Gupta Vinay, Wang Weijun, Sosnowski Barbara A, Hofman Florence M, Chen Thomas C
Department of Pathology, K. Norris Jr. Comprehensive Cancer Center, University of Southern California, Los Angeles, California 90033, USA.
Neurosurg Focus. 2006 Apr 15;20(4):E26.
Adenovirus transduction in gene therapy is dependent on the expression of the coxsackie virus-adenovirus receptor (CAR) for initial binding and on the integrin receptors (avb3, avb5) for viral internalization. Low and variable expression of CAR may be responsible for the low transduction rates seen with native adenoviral vectors. The goal of this study was to demonstrate increased transduction efficiency by retargeting the adenovirus with a fibroblast growth factor (FGF) ligand, FGF-2.

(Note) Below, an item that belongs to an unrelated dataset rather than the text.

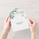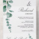 Erleben Sie Ihren Gast mit dieser eleganten Hochzeitsfeier mit wunderschönen Eukalyptus-Blätter und moderner Typografie mit abnehmbarer UAWG-Postkarte. Fügen Sie einfach Ihre Veranstaltungsdetails zu dieser einfach zu bedienenden Vorlage hinzu, um sie zu einer einmaligen Einladung zu machen.

The retargeted adenoviruses were used to transduce human glioblastoma multiforme (GBM)-derived ECs (tumor-associated brain endothelial cells [TuBECs]), in which there is minimal CAR expression but a high expression of FGF receptor (FGFR). The results demonstrate that the transduction efficiency of TuBECs can reach as high as 80% when one uses an FGF2-conjugated adenovirus containing green fluorescent protein (FGF2-AdGFP) yet be only 5% when one uses the native adenovirus (AdGFP). The TuBECs were transduced with either a native adenovirus (AdHSV-TK) or a retargeted adenovirus (FGF2-AdHSV-TK), both of which carry the suicide herpes simplex virus-thymidine kinase (HSV-TK) gene. Administered as a cytotoxic prodrug, ganciclovir induced a significant decline in the proliferation rate and increased apoptosis in TuBECs treated with the retargeted adenovirus, compared with its effect on TuBECs treated with the native adenovirus. Increased transduction efficiency was determined by performing GFP-based flow cytometry, and the expression of the TK protein by the retargeted adenovirus was assessed by performing an immunohistochemical analysis focused on HSV-TK. The mechanism of cytotoxicity was determined to be apoptosis by performing a terminal deoxynucleotidyl transferase-mediated deoxyuridine triphosphate nick-end labeling assay.
Fibroblast growth factor-2-retargeted adenoviral vectors may be used to increase the transduction of GBM-derived endothelial cells, enabling a new and efficient antiangiogenesis strategy for the treatment of malignant gliomas.
基因治疗中的腺病毒转导依赖于柯萨奇病毒-腺病毒受体(CAR)的表达以进行初始结合,以及整合素受体(αvβ3、αvβ5)以实现病毒内化。CAR的低表达和可变表达可能是天然腺病毒载体转导率低的原因。本研究的目的是通过用成纤维细胞生长因子(FGF)配体FGF-2对腺病毒进行重新靶向,来证明转导效率的提高。
使用重新靶向的腺病毒转导人多形性胶质母细胞瘤(GBM)来源的内皮细胞(肿瘤相关脑内皮细胞[TuBECs]),其中CAR表达极少,但FGF受体(FGFR)表达高。结果表明,当使用含有绿色荧光蛋白的FGF2偶联腺病毒(FGF2-AdGFP)时,TuBECs的转导效率可高达80%,而使用天然腺病毒(AdGFP)时仅为5%。用携带自杀性单纯疱疹病毒胸苷激酶(HSV-TK)基因的天然腺病毒(AdHSV-TK)或重新靶向的腺病毒(FGF2-AdHSV-TK)转导TuBECs。作为细胞毒性前药给予更昔洛韦,与对用天然腺病毒处理的TuBECs的作用相比,其导致用重新靶向的腺病毒处理的TuBECs的增殖率显著下降且凋亡增加。通过基于GFP的流式细胞术确定转导效率的提高,并通过进行聚焦于HSV-TK的免疫组织化学分析来评估重新靶向的腺病毒对TK蛋白的表达。通过进行末端脱氧核苷酸转移酶介导的脱氧尿苷三磷酸缺口末端标记测定,确定细胞毒性机制为凋亡。
成纤维细胞生长因子-2重新靶向的腺病毒载体可用于提高GBM来源的内皮细胞的转导,为恶性胶质瘤的治疗提供一种新的高效抗血管生成策略。